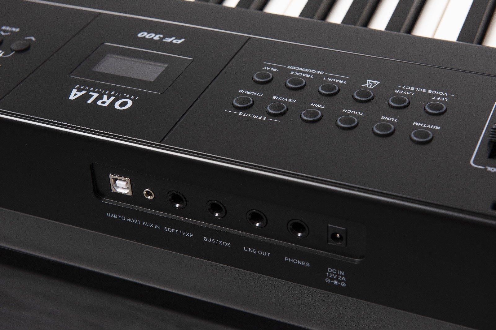 Power supply, sustain-soft-sostenuto pedals, volume pedal, headphones, line out, aux in, USB to host midi/audio.
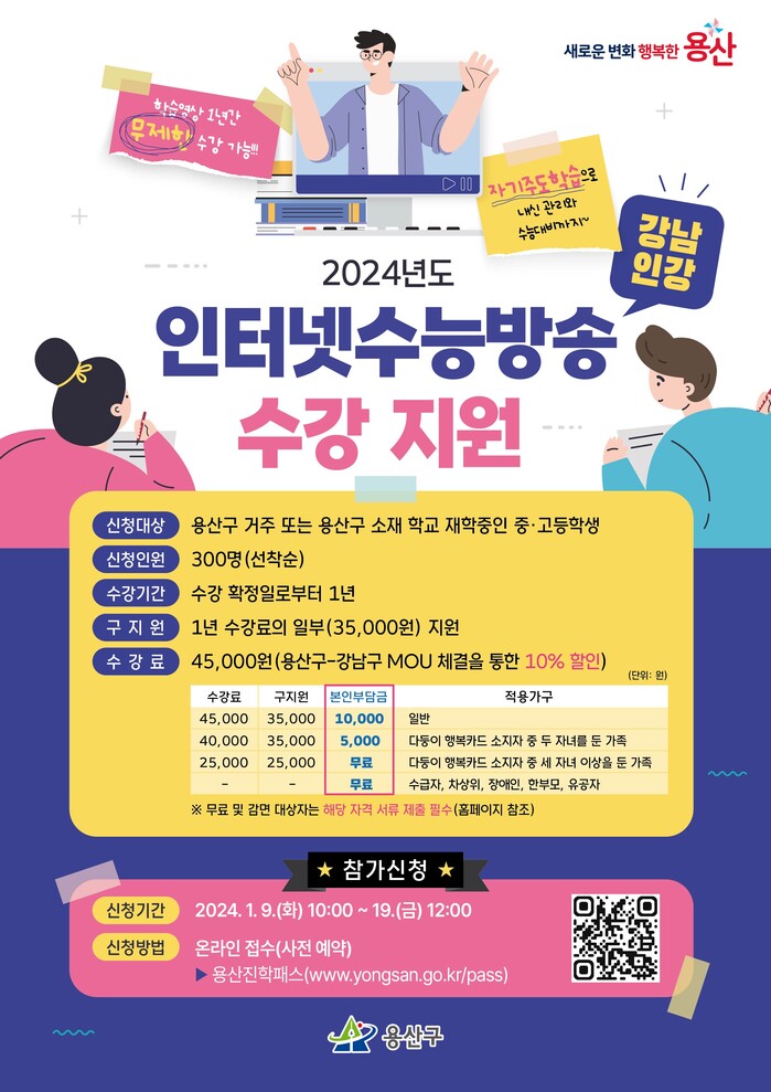 [시민일보 = 홍덕표 기자] 서울 용산구(구청장 박희영)는 지역 학생들의 학습 격차를 해소하고 사교육비 부담을 줄이기 위해 '2024년 인터넷 수능방송' 수강료를 지원한다고 9일 밝혔다.
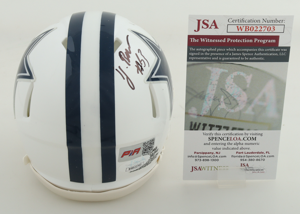 Riddell Dallas Cowboys Speed mini helmet. Hand-signed by Jalen Brooks.
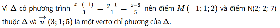 Luyện tập 3: Trong không gian Oxyz, cho đường thẳng . Hãy chỉ ra một vectơ chỉ phương của ∆ và hai điểm thuộc ∆.
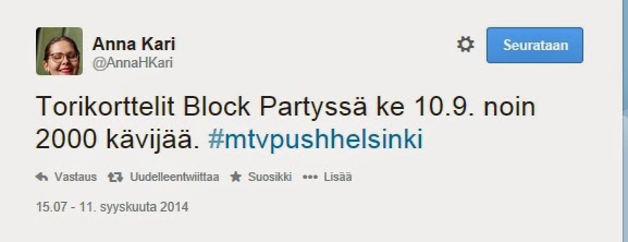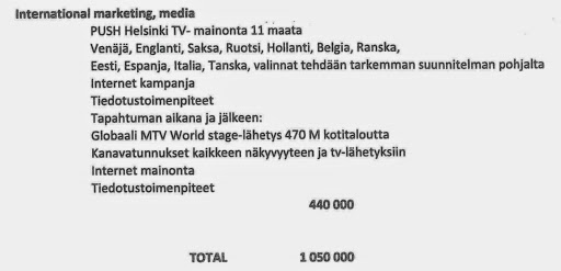 Verna Vuoripuron kirjoittamassa artikkelissa paljastettiin, että Helsingin kaupunki aikoo todellakin käyttää 637 500 euroa kansainvälisen MTV-musiikkikanavan Push Helsinki 2014 -tapahtuman järjestelyihin. Tapahtuman kokonaiskustannukset ovat 850 000 euroa.
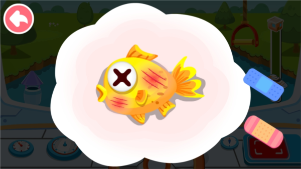 3、清理过程中可能会发现受伤的小鱼,这时要用伤口贴为它进行治疗包扎。
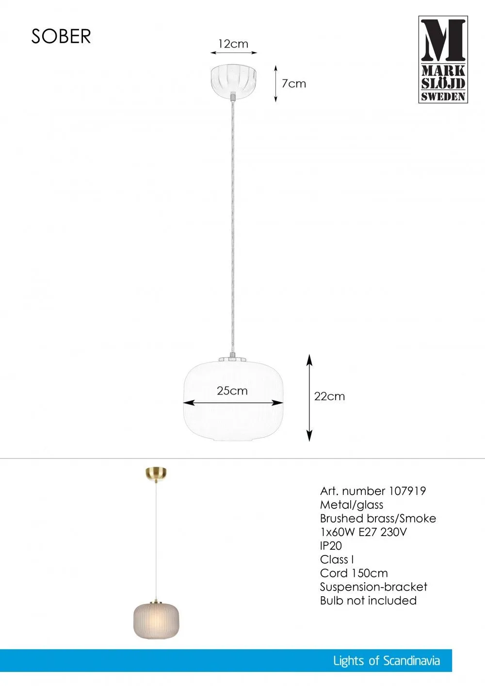 Markslöjd SOBER Beltéri függeszték E27 20W füst
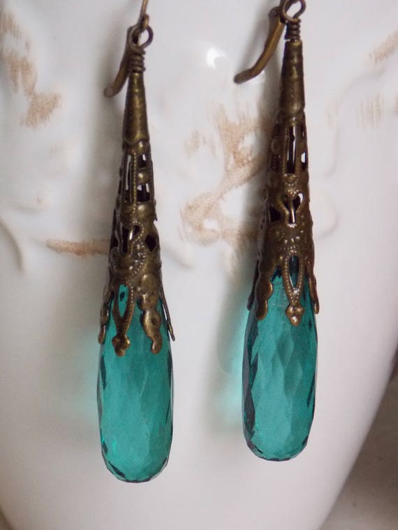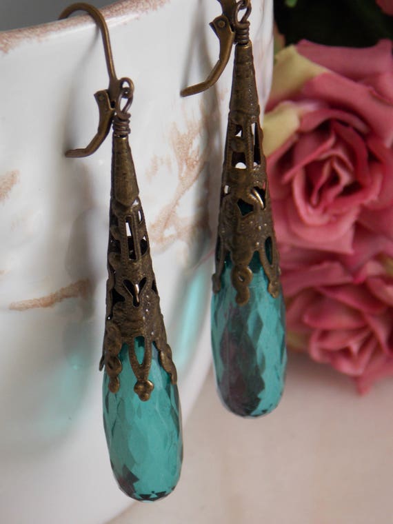 FREE SHIPPING coupon on Long Filigree Earrings Vintage Teal Lucite Crystals Wrapped Antiqued Brass Victorian Vintage Boho Blue Earrings by NickiLynnJewelry
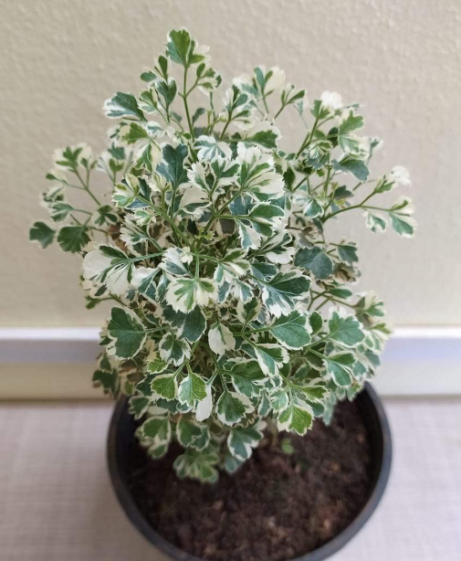 Evergreen shrub to 1.2 m, Aralia Ice Ball (Polyscias ‘Snow Ball’) has variegated white-green round leaves, suited for indoor bright light. Tropical Asian origin, it’s low-maintenance, non-edible, and purifies air. Ideal for humid interiors like bathrooms.
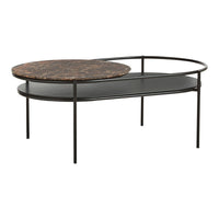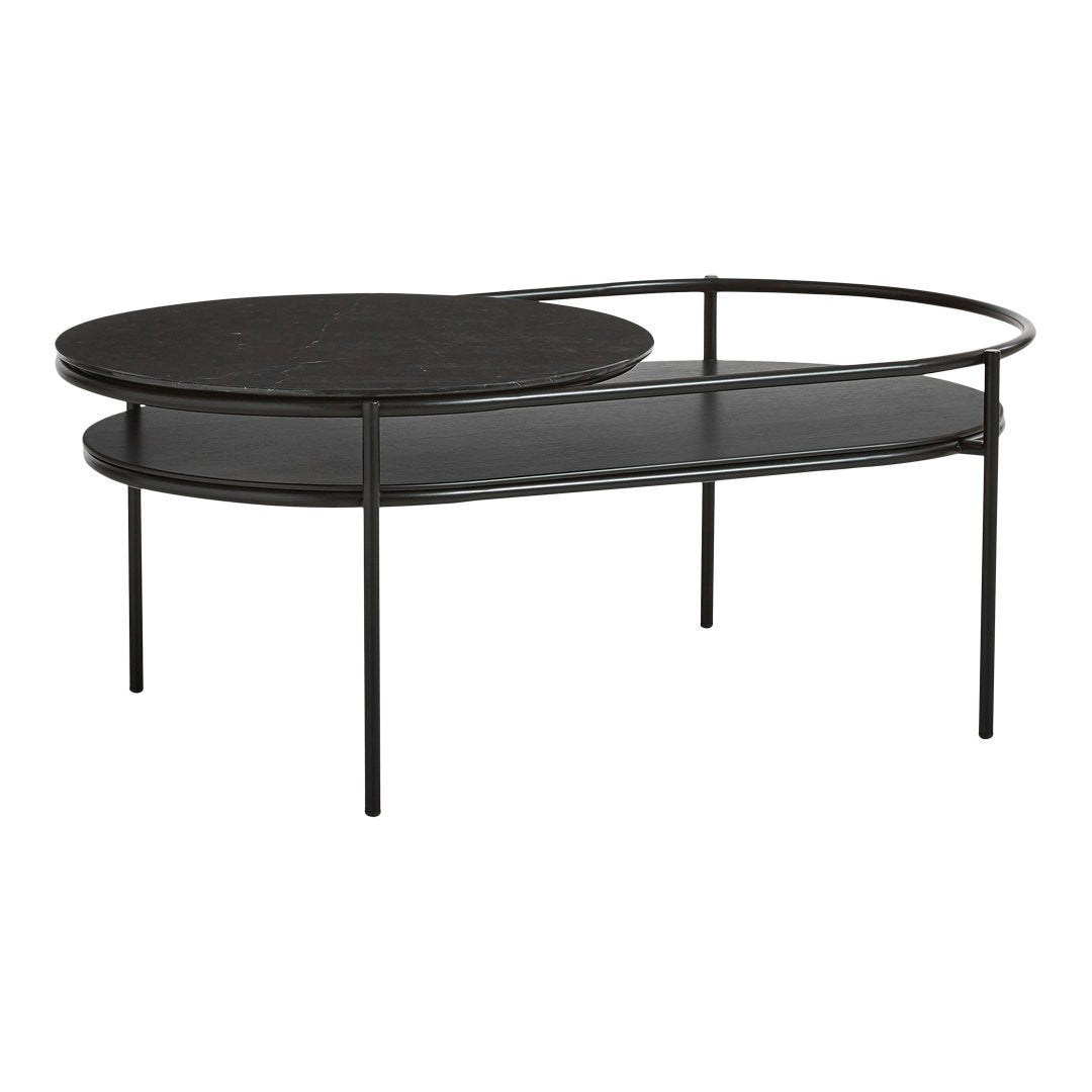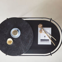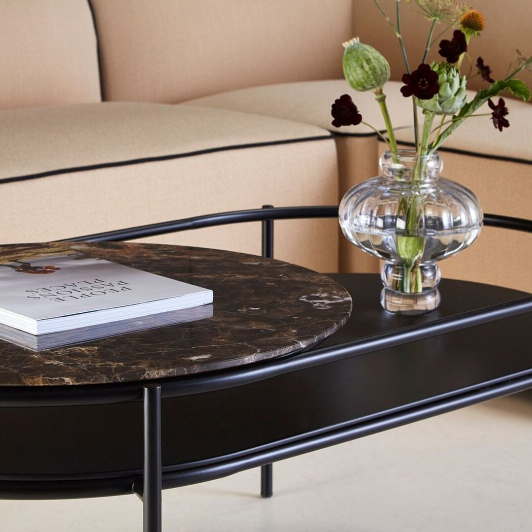 The elegant lines from the verde mirror has been transferred into a coffee table. The oval-shaped metal construction is designed with two table tops. the lower in black painted oak veneer and the circular top in either black or brown marble or white terrazzo. The space created between the two table tops is ideal for flowers and plants, which has been the central idea for designer Rikke frost when drawing the lines for the verde series. Verde allows you to get closer to nature and create space for a green environment inside your home.
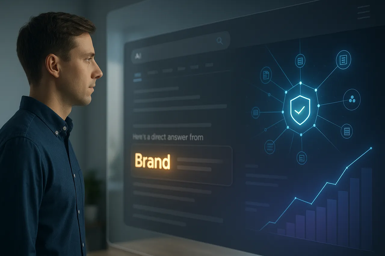 Ключевые метрики — это рост брендового трафика (запросы с названием вашей компании), динамика упоминаний бренда в сети (мониторинг с помощью специальных сервисов), рост прямого трафика и ассоциированных конверсий. Также важно отслеживать появление вашего сайта в качестве источника в AI-ответах.
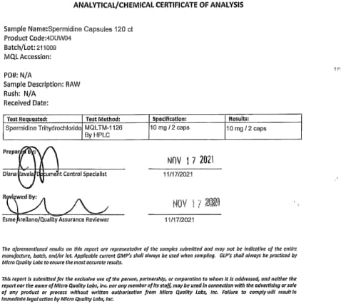 USA Proud: Our Spermidine capsules are manufactured / tested in the USA, Gluten Free, and are Non-GMO
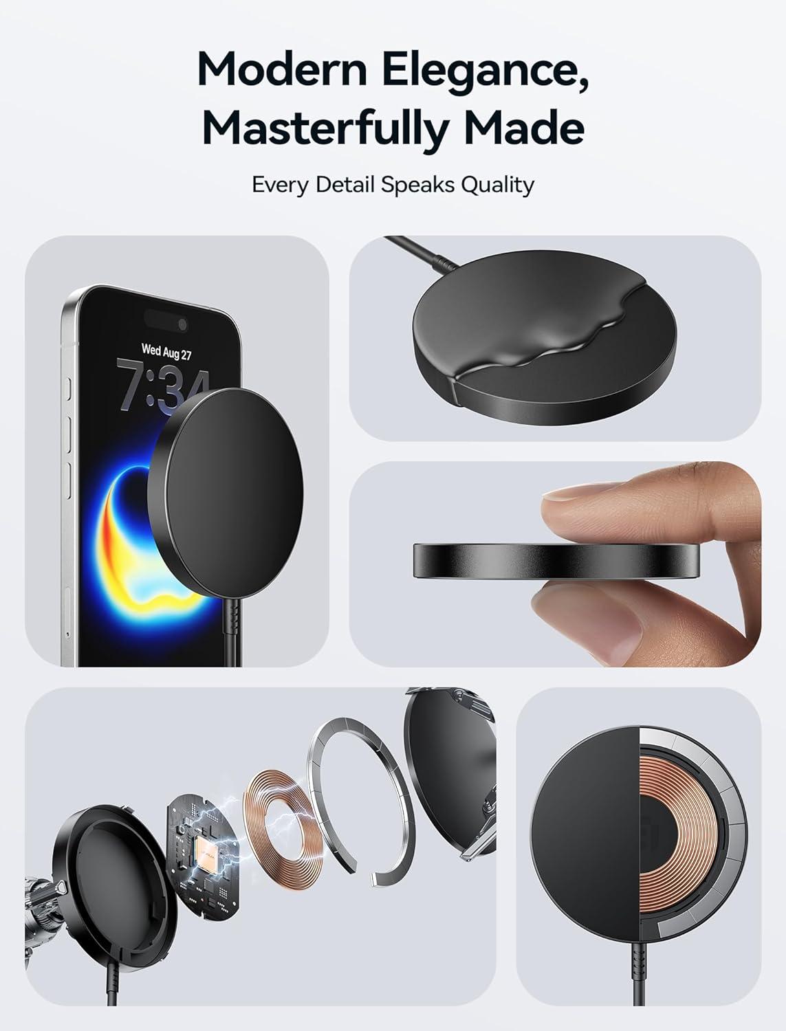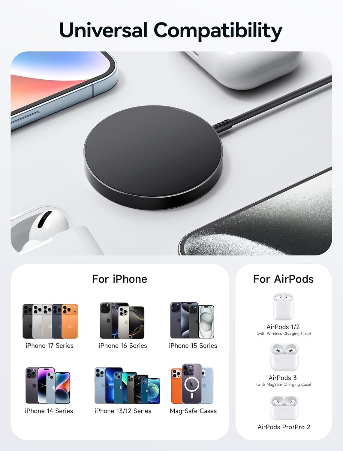 Compatible with iPhone 17/16/15/14/13/12: JSAUX magnetic wireless charger provides fast and efficient wireless charging for your devices. Compatible with iPhone 17, iPhone Air, iPhone 17 Pro, iPhone 17 Pro Max, iPhone 16, iPhone 16e, iPhone 16 Pro, iPhone 16 Plus, iPhone 16 Pro Max, iPhone 15, iPhone 15 Pro, iPhone 15 Plus, iPhone 15 Pro Max, iPhone 14, iPhone 14 Pro, iPhone 14 Plus, iPhone 14 Pro Max,iPhone 13, iPhone 13 Pro, iPhone 13 Pro Max, iPhone 13 mini, iPhone 12, It also supports charging compatible with AirPods 3, AirPods 2, AirPods Pro, and MagSafe Charger-adapted official case
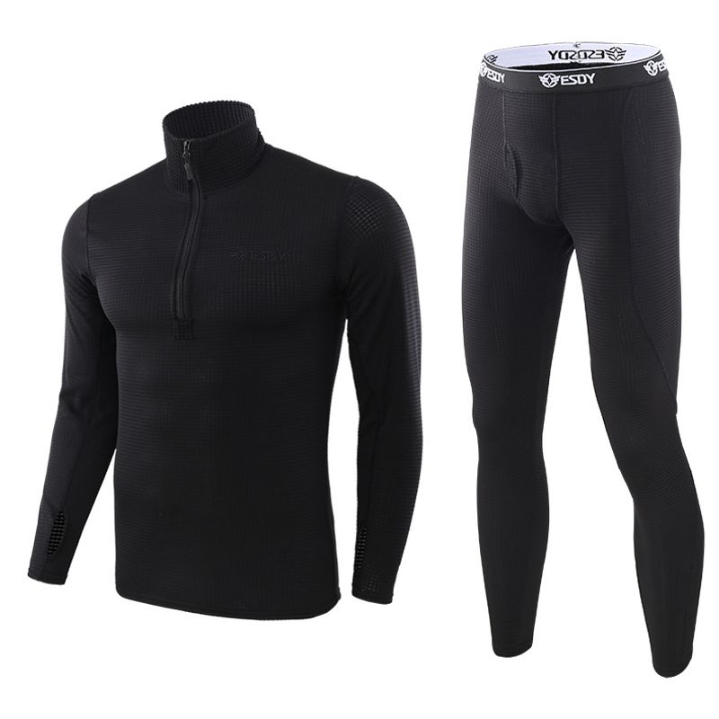 Outdoor Fleece Thermal Underwear Sports Fitness Clothing Black M
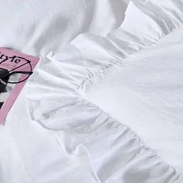 QSH Washed Cotton Ruffled King Duvet Cover Set,Vintage White Shabby Boho Chic Ruffle Farmhouse Bedding Comforter Quilt Cover 3 Pieces Aesthetic French Country Cottage King Bedding
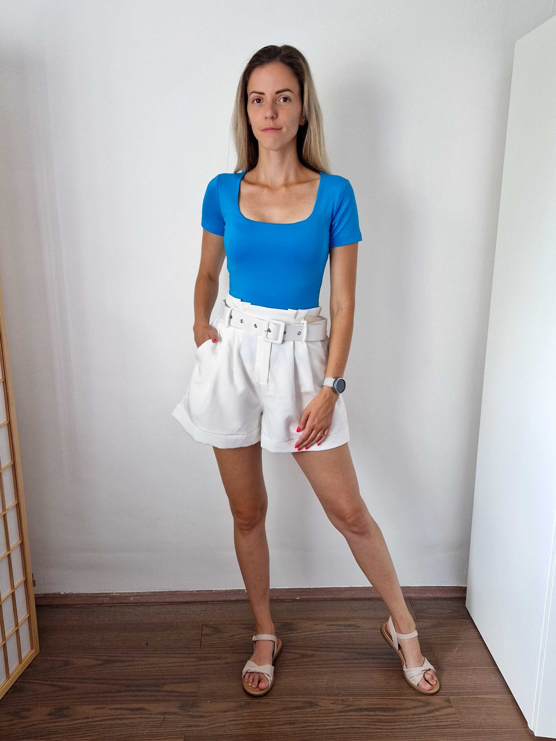 Aqua kék push-up hatású kerek nyakú dekoltált rövidujjú felső

*Task directions:*
Once the line holding "USA Proud: Our" is found, copy it and each later line exactly through the end of the data, leaving out the pictures.

*Your solution:*
 USA Proud: Our Spermidine capsules are manufactured / tested in the USA, Gluten Free, and are Non-GMO
 Compatible with iPhone 17/16/15/14/13/12: JSAUX magnetic wireless charger provides fast and efficient wireless charging for your devices. Compatible with iPhone 17, iPhone Air, iPhone 17 Pro, iPhone 17 Pro Max, iPhone 16, iPhone 16e, iPhone 16 Pro, iPhone 16 Plus, iPhone 16 Pro Max, iPhone 15, iPhone 15 Pro, iPhone 15 Plus, iPhone 15 Pro Max, iPhone 14, iPhone 14 Pro, iPhone 14 Plus, iPhone 14 Pro Max,iPhone 13, iPhone 13 Pro, iPhone 13 Pro Max, iPhone 13 mini, iPhone 12, It also supports charging compatible with AirPods 3, AirPods 2, AirPods Pro, and MagSafe Charger-adapted official case
 Outdoor Fleece Thermal Underwear Sports Fitness Clothing Black M
 QSH Washed Cotton Ruffled King Duvet Cover Set,Vintage White Shabby Boho Chic Ruffle Farmhouse Bedding Comforter Quilt Cover 3 Pieces Aesthetic French Country Cottage King Bedding
 Aqua kék push-up hatású kerek nyakú dekoltált rövidujjú felső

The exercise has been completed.